Starting at the line that contains "鸡腿、青瓜、青葱、花生碎、芝" and stopping at the line that contains "Les coureurs partiront", restate each line of the records below exactly. Omit the pictures.

- [DATA FOR THIS TASK]:
================================

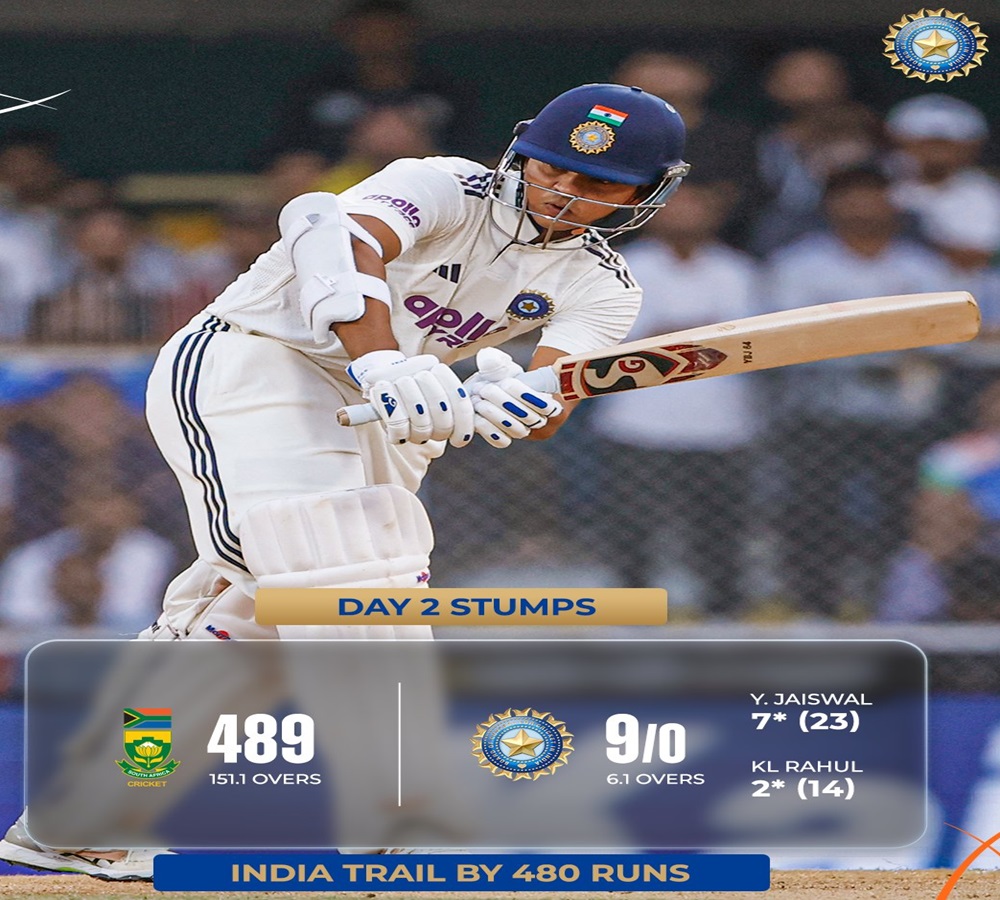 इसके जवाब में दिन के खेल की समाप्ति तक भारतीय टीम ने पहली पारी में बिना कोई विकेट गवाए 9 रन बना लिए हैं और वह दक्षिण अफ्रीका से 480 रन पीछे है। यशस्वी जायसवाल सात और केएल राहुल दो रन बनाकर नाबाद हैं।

================================

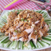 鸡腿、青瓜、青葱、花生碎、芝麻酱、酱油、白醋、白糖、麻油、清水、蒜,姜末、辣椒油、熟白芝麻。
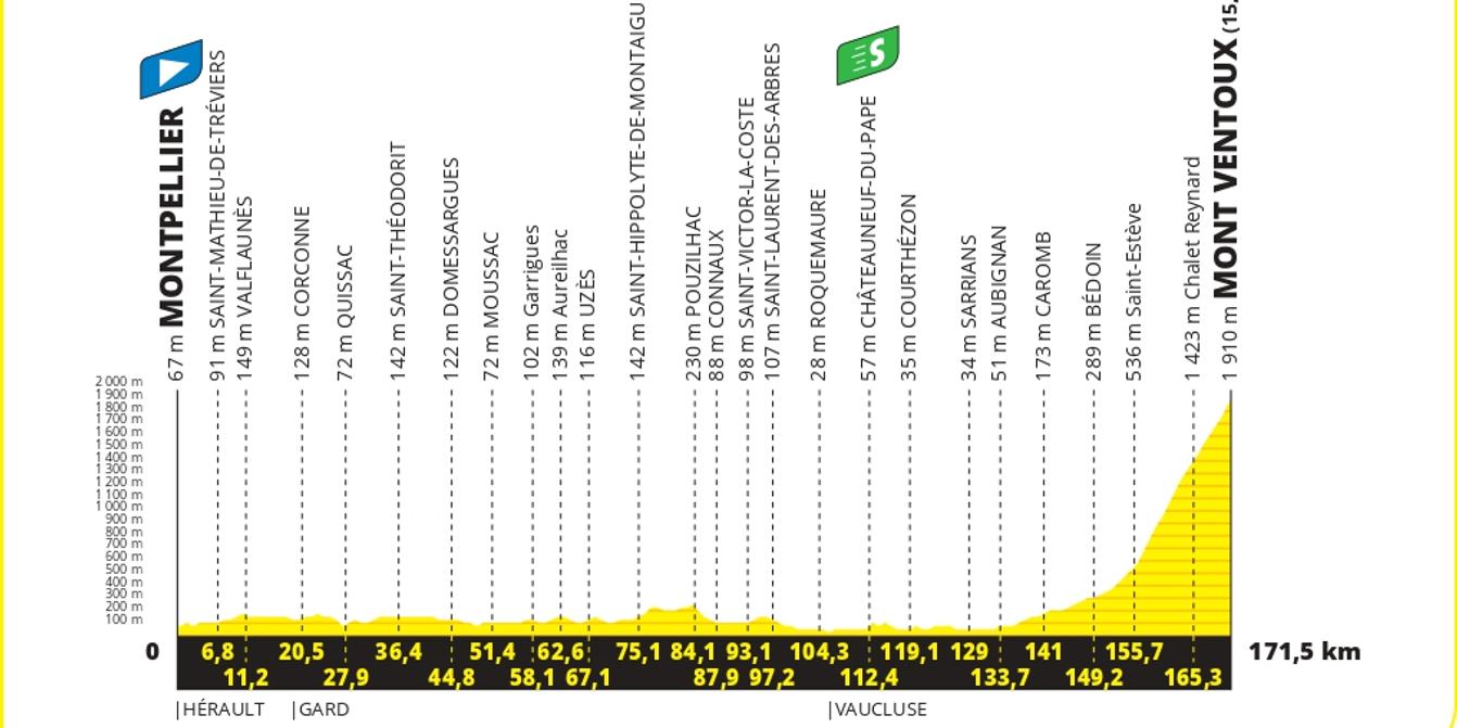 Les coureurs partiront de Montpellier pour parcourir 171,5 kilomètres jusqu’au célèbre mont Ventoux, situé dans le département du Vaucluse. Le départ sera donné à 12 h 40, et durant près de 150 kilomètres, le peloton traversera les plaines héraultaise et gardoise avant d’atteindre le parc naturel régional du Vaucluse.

================================

- [EXERCISE RESULT]:
 鸡腿、青瓜、青葱、花生碎、芝麻酱、酱油、白醋、白糖、麻油、清水、蒜,姜末、辣椒油、熟白芝麻。
 Les coureurs partiront de Montpellier pour parcourir 171,5 kilomètres jusqu’au célèbre mont Ventoux, situé dans le département du Vaucluse. Le départ sera donné à 12 h 40, et durant près de 150 kilomètres, le peloton traversera les plaines héraultaise et gardoise avant d’atteindre le parc naturel régional du Vaucluse.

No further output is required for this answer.